= Beginning of Section =

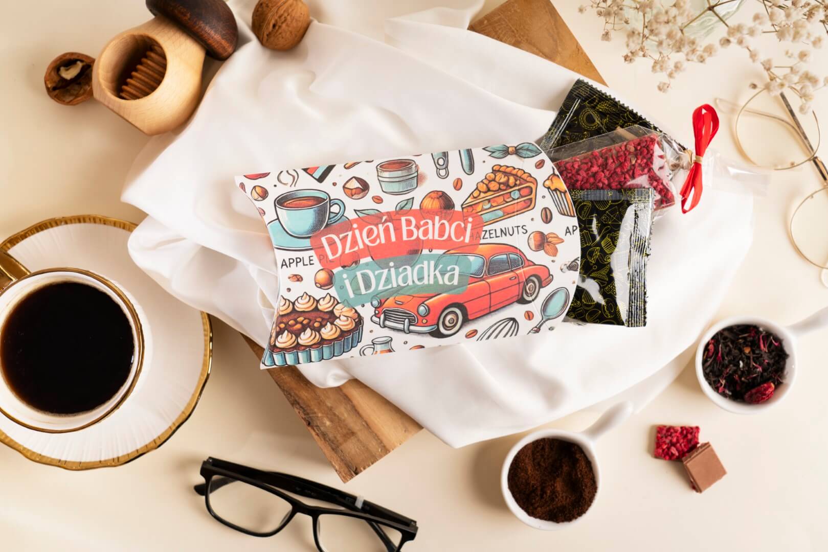 Pillow box z kawą, herbatą i czekoladą. Upominek ze słodką zawartością z okazji dnia babci i dziadka.
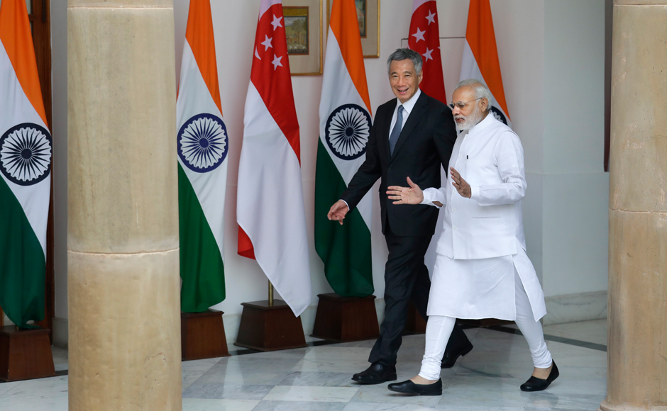 Indian Prime Minister Narendra Modi, right, talks with Singapore Prime Minister Lee Hsien Loong as they walk for a delegation level meeting, in New Delhi, India, on Tuesday. Lee is on a five day visit to India. AP
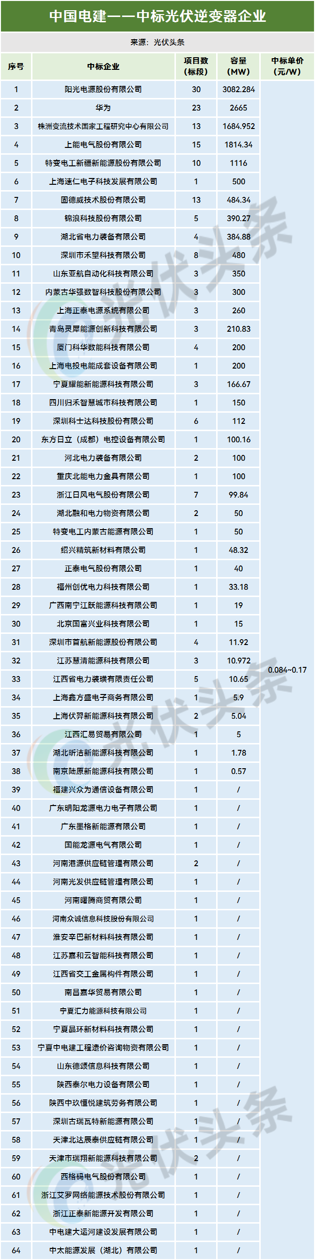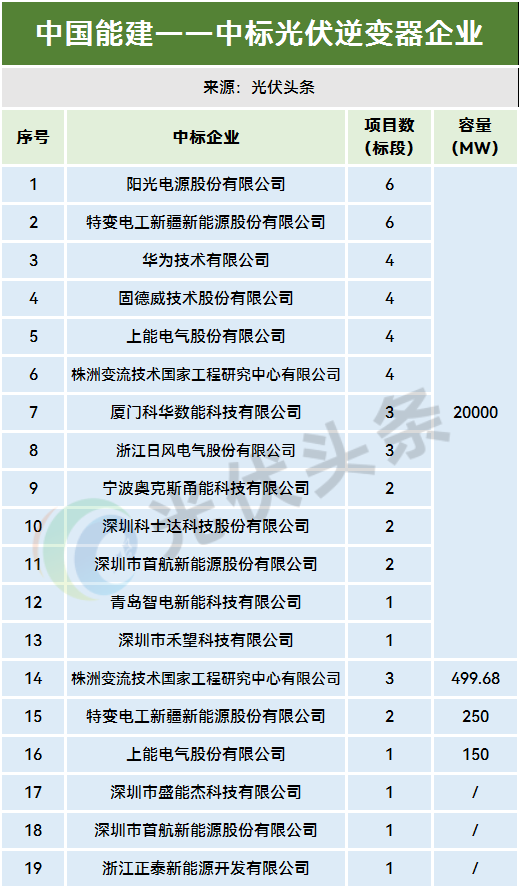 中国能建有15个项目定标,合计容量21.69GWMW。8月14日,中国能建20GW逆变器集采项目定标,阳光电源、特变电工、华为、固德威、上能电气、中车时代电气(株洲变流)、科华数能、科士达、首航新能、禾望电气等13家企业中选。
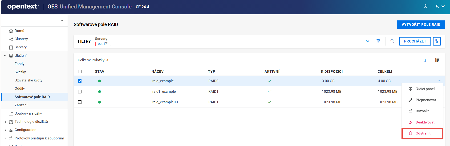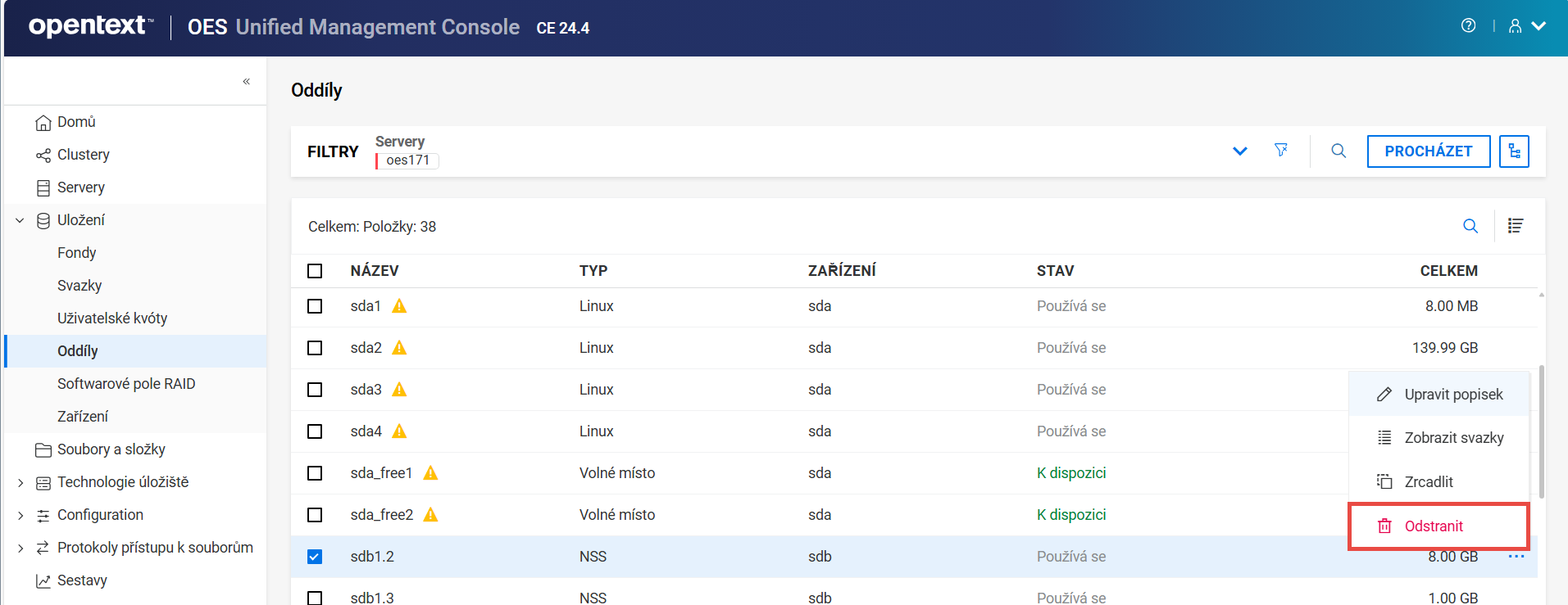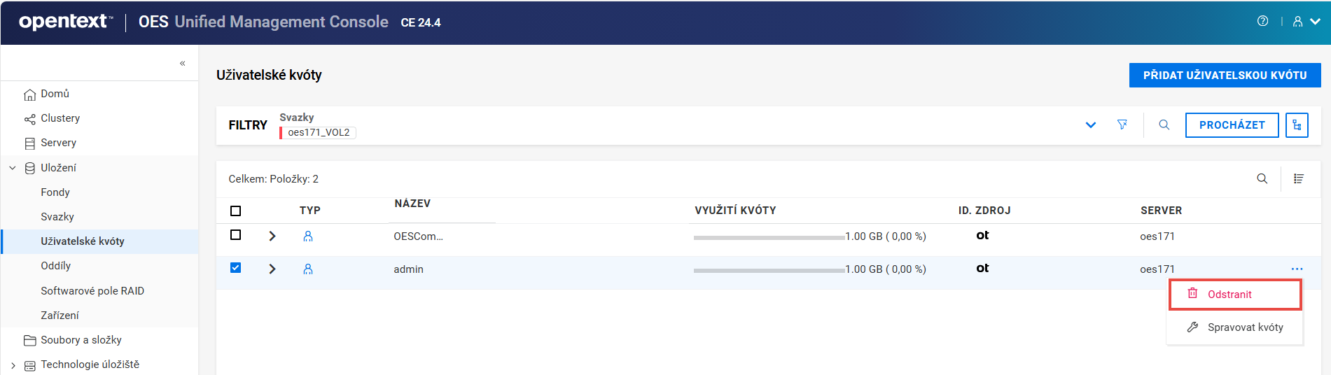 Vyberte uživatelský kontext a klikněte na ikonu Odebrat
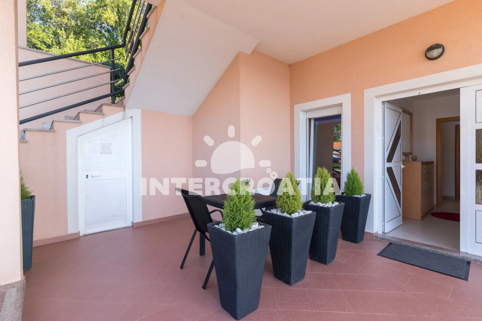 Apartmán se nachází 500 m od moře a pláže. Pláž je oblázková a betonové desky. Apartmán disponuje bazénem s lehátky pro ubytované hosty. U objektu je k dispozici společná zahrada s posezením a grilem. Parkování je před domem.
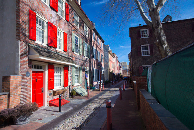 Elfreth Alley is this country's oldest continuously inhabited neighborhood and is just down the street from the Betsy Ross house. This little alley was designated as a National Historical Landmark in 1966. I was dying to see what the inside of one of these little townhouses looked like, but the house museum was closed for the winter so we just walked up and down the street enjoying the cuteness and imagining how I might decorate a little house like that if I lived there. The entire street was all so cute! It reminded me of London or an American version of Rothenburg ob der Tauber.
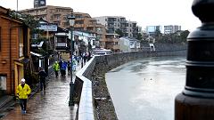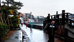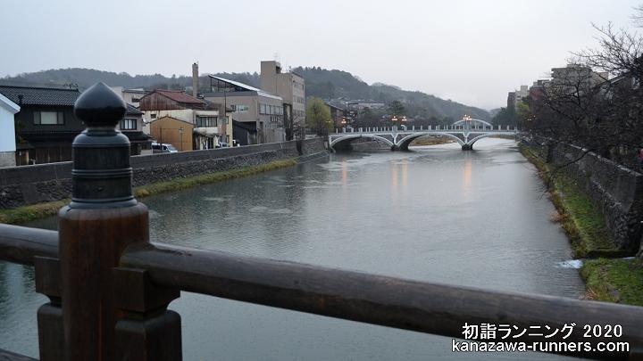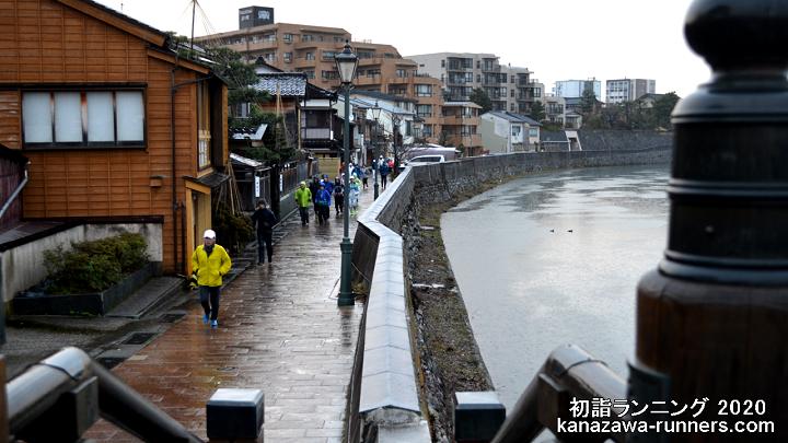 | 初詣ランのコースで風情あるのが茶屋街。浅ノ川河畔・主計町周辺はお気に入りの撮影スポット。中ノ橋で待機し、暗闇坂〜久保市乙剣宮と撮影します。ひがし茶屋街と梅の橋は今回パスしました。 | ||
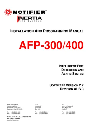 Installation and Programming Manual for the Notifier Inertia AFP-300/400, published in 2000. Rev: AUS 3. 31 models including AFP-300, AFP-400, B501 and 28 additional variants. Hardware mounting and wiring instructions alongside detailed system programming and configuration.
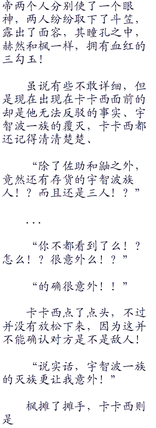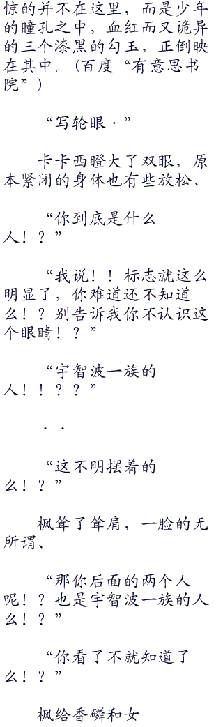可是迎面而来的却是一个邪魅的瞳孔,那是他从未见过的瞳孔!血红而又邪恶的查克拉,让人生畏,构成了一个不知名的魔法阵!
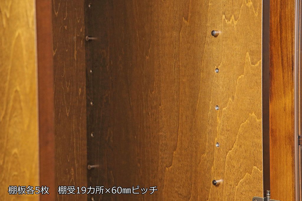 棚板は取り外しできます。棚板は各5枚あります。棚受けは各19ヶ所、60mmピッチで調整できます。棚幅サイズのものが1枚の作りです。
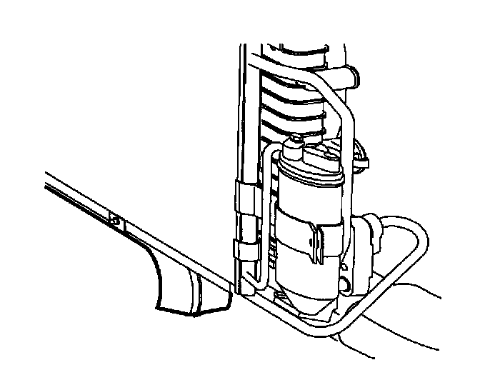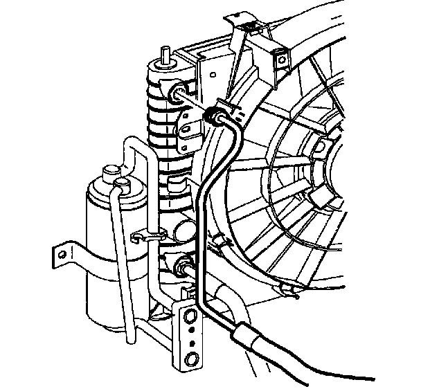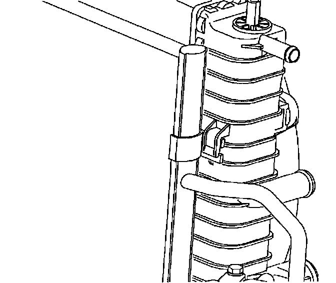 15. Install upper transaxle oil cooler line into radiator end tank retainer.

= End of Section =

■ DIRECTIONS ■
The lines from the one containing "Installation and Programming" up to and including the last line of the material above are to be given again exactly; any pictures are dropped.

■ WRITTEN ANSWER ■
 Installation and Programming Manual for the Notifier Inertia AFP-300/400, published in 2000. Rev: AUS 3. 31 models including AFP-300, AFP-400, B501 and 28 additional variants. Hardware mounting and wiring instructions alongside detailed system programming and configuration.
可是迎面而来的却是一个邪魅的瞳孔,那是他从未见过的瞳孔!血红而又邪恶的查克拉,让人生畏,构成了一个不知名的魔法阵!
 棚板は取り外しできます。棚板は各5枚あります。棚受けは各19ヶ所、60mmピッチで調整できます。棚幅サイズのものが1枚の作りです。
 15. Install upper transaxle oil cooler line into radiator end tank retainer.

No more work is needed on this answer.